→ Directions for this task: Take from the entries below the stretch from the line with "香港宝芝林集团邓总(左二)一" through the line with "A play on shape, form", and return it exactly, leaving the pictures out.

Dataset excerpts:

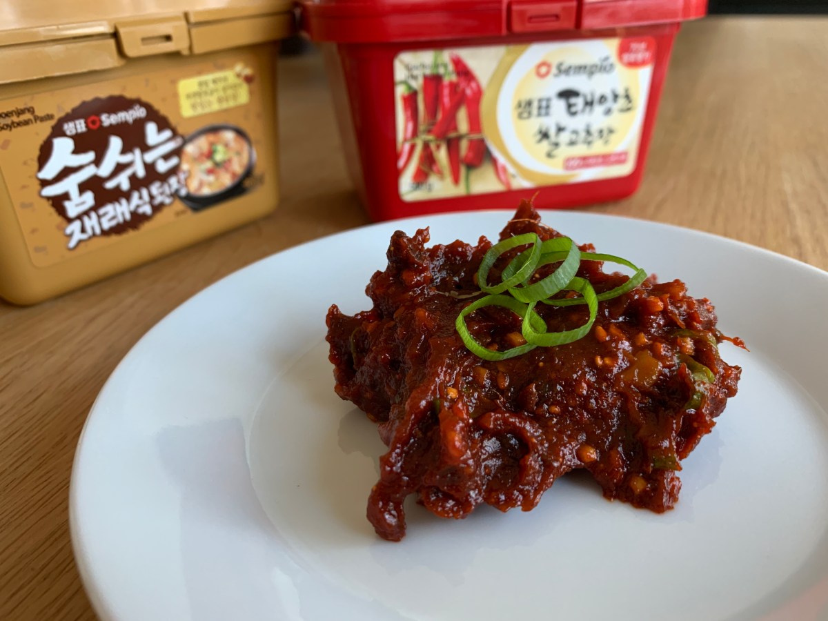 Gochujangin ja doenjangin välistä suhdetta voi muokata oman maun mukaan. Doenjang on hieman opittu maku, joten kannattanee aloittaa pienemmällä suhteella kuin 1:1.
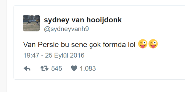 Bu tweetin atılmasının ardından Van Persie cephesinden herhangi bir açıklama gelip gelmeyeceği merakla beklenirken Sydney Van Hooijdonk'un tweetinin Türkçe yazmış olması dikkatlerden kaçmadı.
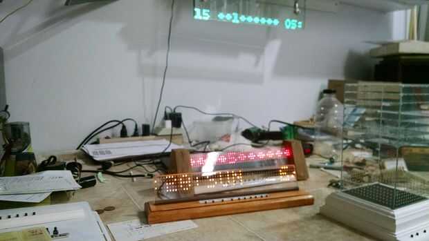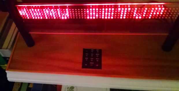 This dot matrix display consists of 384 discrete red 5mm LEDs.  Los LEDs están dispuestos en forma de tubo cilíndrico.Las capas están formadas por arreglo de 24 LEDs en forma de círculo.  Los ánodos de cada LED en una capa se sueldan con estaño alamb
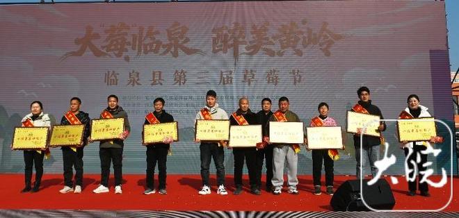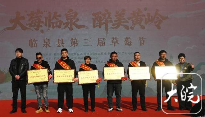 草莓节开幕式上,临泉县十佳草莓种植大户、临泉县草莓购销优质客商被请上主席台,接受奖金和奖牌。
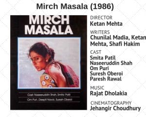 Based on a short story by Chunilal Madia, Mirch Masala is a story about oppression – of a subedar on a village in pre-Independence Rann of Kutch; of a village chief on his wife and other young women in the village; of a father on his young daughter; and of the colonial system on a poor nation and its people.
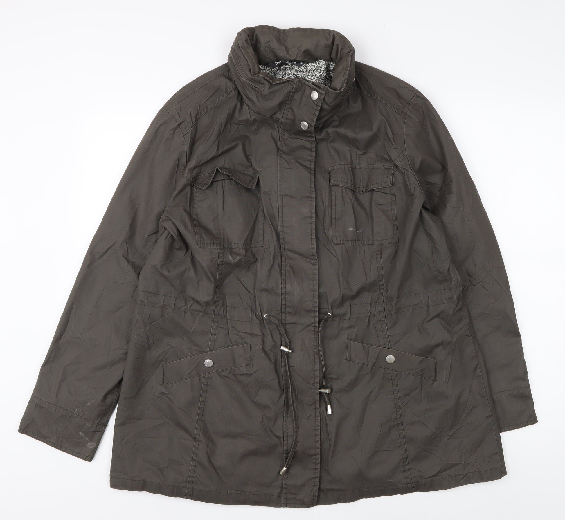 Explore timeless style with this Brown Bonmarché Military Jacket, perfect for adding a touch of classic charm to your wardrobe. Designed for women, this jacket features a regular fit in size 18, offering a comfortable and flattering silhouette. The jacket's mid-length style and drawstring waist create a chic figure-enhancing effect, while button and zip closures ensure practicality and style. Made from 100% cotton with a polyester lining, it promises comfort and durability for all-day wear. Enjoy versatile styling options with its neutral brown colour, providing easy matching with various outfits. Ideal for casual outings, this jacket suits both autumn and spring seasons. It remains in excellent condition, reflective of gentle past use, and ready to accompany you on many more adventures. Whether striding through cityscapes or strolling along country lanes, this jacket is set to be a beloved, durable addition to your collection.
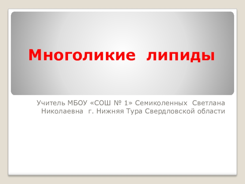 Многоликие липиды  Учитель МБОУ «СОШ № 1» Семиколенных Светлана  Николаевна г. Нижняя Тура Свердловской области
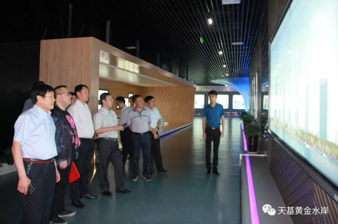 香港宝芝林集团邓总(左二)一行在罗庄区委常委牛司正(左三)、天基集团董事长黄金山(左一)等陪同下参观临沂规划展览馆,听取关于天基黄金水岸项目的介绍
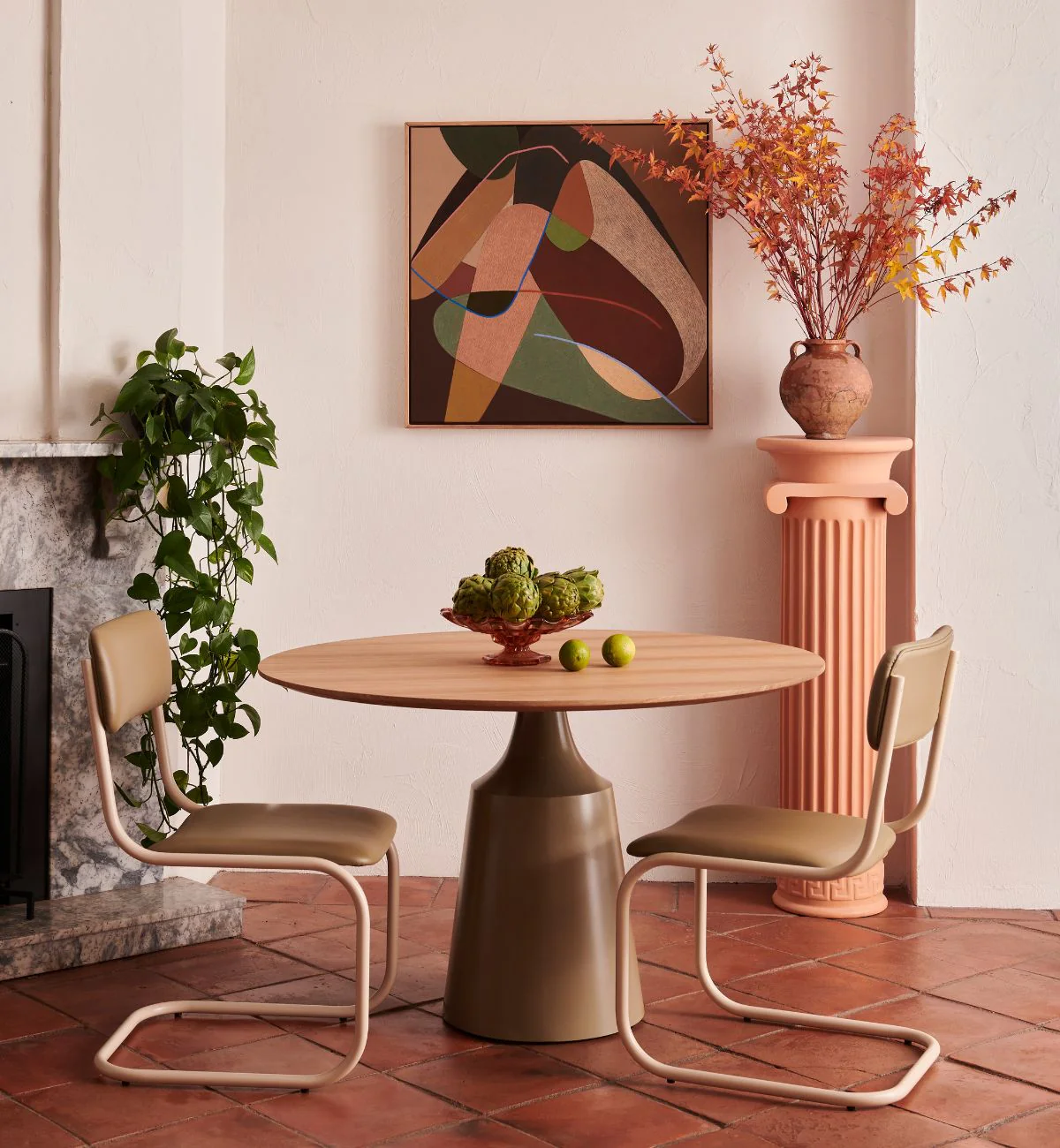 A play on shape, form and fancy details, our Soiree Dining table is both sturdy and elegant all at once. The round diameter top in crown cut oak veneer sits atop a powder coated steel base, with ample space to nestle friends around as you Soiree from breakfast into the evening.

---

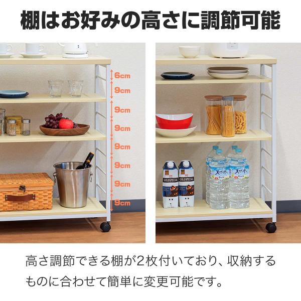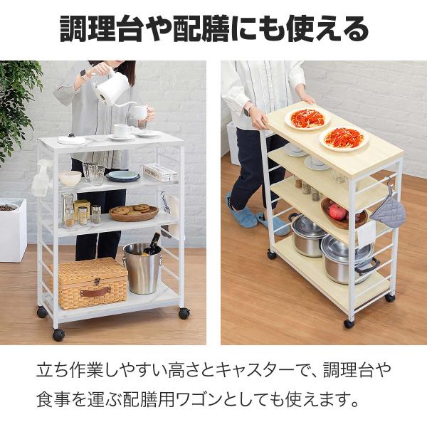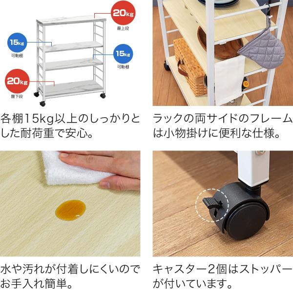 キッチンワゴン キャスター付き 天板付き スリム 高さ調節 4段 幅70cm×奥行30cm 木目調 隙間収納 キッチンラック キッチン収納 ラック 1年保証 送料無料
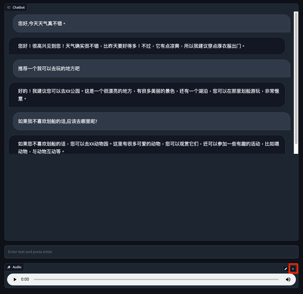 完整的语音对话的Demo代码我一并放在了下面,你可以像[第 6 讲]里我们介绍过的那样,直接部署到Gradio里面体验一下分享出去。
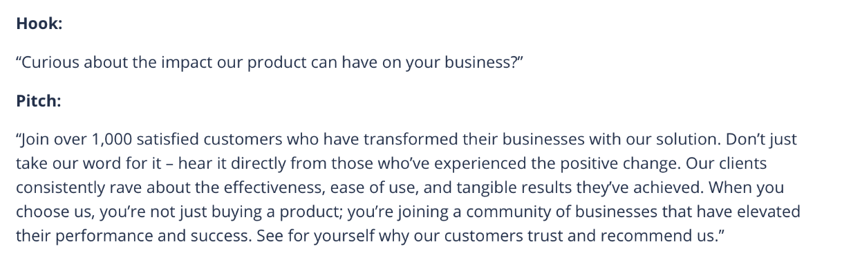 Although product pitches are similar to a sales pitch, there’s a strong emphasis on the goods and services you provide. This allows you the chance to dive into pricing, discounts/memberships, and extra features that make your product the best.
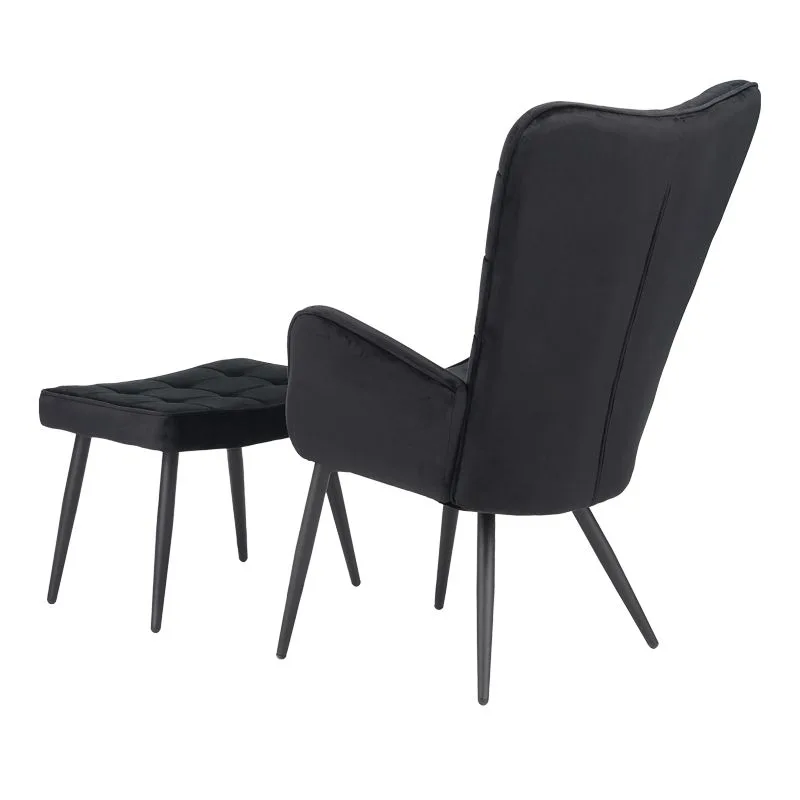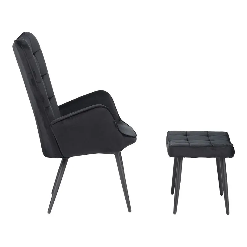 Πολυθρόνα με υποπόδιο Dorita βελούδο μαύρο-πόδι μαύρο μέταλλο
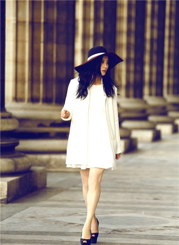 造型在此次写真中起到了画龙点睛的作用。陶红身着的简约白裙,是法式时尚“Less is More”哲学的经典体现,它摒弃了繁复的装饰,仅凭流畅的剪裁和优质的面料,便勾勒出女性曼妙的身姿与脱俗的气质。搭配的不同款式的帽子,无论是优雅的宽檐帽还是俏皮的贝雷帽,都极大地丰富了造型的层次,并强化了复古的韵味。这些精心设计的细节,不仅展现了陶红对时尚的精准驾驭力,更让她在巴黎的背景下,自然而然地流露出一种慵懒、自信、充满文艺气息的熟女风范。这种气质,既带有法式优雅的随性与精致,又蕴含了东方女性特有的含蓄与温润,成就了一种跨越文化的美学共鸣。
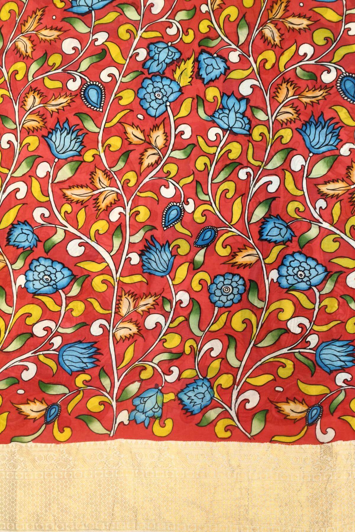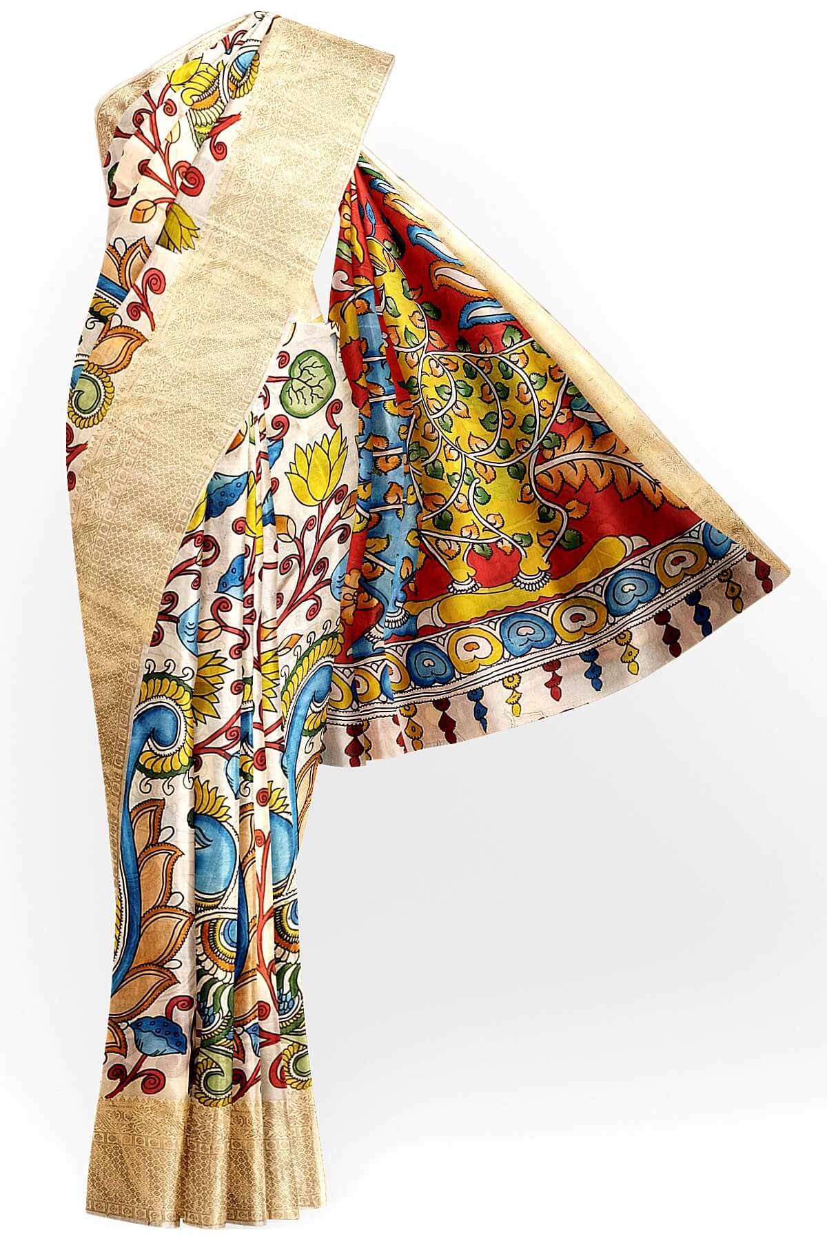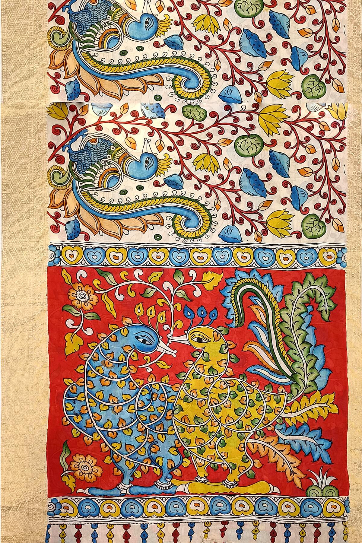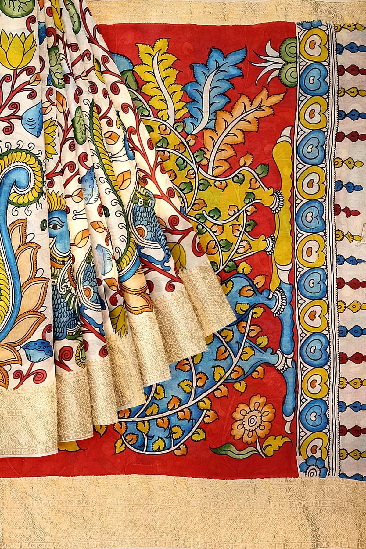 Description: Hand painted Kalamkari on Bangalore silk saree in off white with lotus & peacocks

--

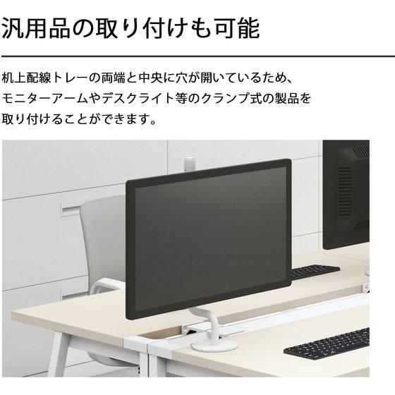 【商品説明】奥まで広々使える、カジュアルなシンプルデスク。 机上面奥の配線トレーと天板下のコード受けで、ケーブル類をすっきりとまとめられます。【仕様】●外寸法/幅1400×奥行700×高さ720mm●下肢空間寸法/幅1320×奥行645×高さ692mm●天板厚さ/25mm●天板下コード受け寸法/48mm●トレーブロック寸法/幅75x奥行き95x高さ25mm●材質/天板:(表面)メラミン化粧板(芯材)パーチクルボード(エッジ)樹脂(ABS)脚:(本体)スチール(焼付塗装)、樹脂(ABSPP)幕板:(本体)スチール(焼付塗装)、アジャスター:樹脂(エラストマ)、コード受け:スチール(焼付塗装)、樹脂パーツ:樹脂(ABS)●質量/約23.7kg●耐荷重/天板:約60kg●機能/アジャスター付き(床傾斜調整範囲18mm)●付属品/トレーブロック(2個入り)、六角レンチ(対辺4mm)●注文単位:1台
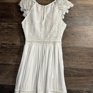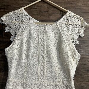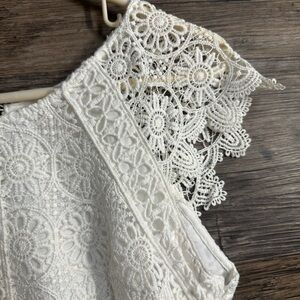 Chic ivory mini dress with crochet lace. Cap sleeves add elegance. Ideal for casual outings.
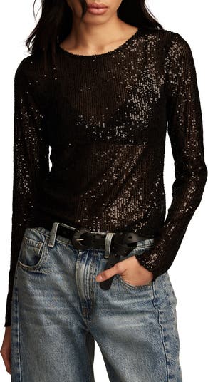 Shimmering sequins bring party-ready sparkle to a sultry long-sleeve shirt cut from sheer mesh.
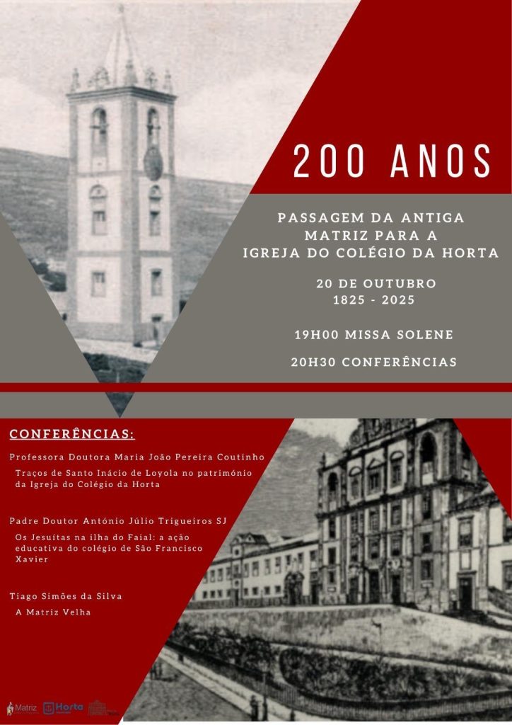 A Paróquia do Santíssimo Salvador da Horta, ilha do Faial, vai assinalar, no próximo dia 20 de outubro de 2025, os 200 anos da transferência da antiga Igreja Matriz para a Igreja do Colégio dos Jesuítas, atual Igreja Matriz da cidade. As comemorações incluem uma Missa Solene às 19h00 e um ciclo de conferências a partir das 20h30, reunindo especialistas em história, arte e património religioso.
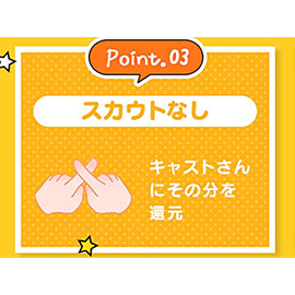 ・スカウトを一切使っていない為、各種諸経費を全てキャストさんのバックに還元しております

→ Answer box:
 香港宝芝林集团邓总(左二)一行在罗庄区委常委牛司正(左三)、天基集团董事长黄金山(左一)等陪同下参观临沂规划展览馆,听取关于天基黄金水岸项目的介绍
 A play on shape, form and fancy details, our Soiree Dining table is both sturdy and elegant all at once. The round diameter top in crown cut oak veneer sits atop a powder coated steel base, with ample space to nestle friends around as you Soiree from breakfast into the evening.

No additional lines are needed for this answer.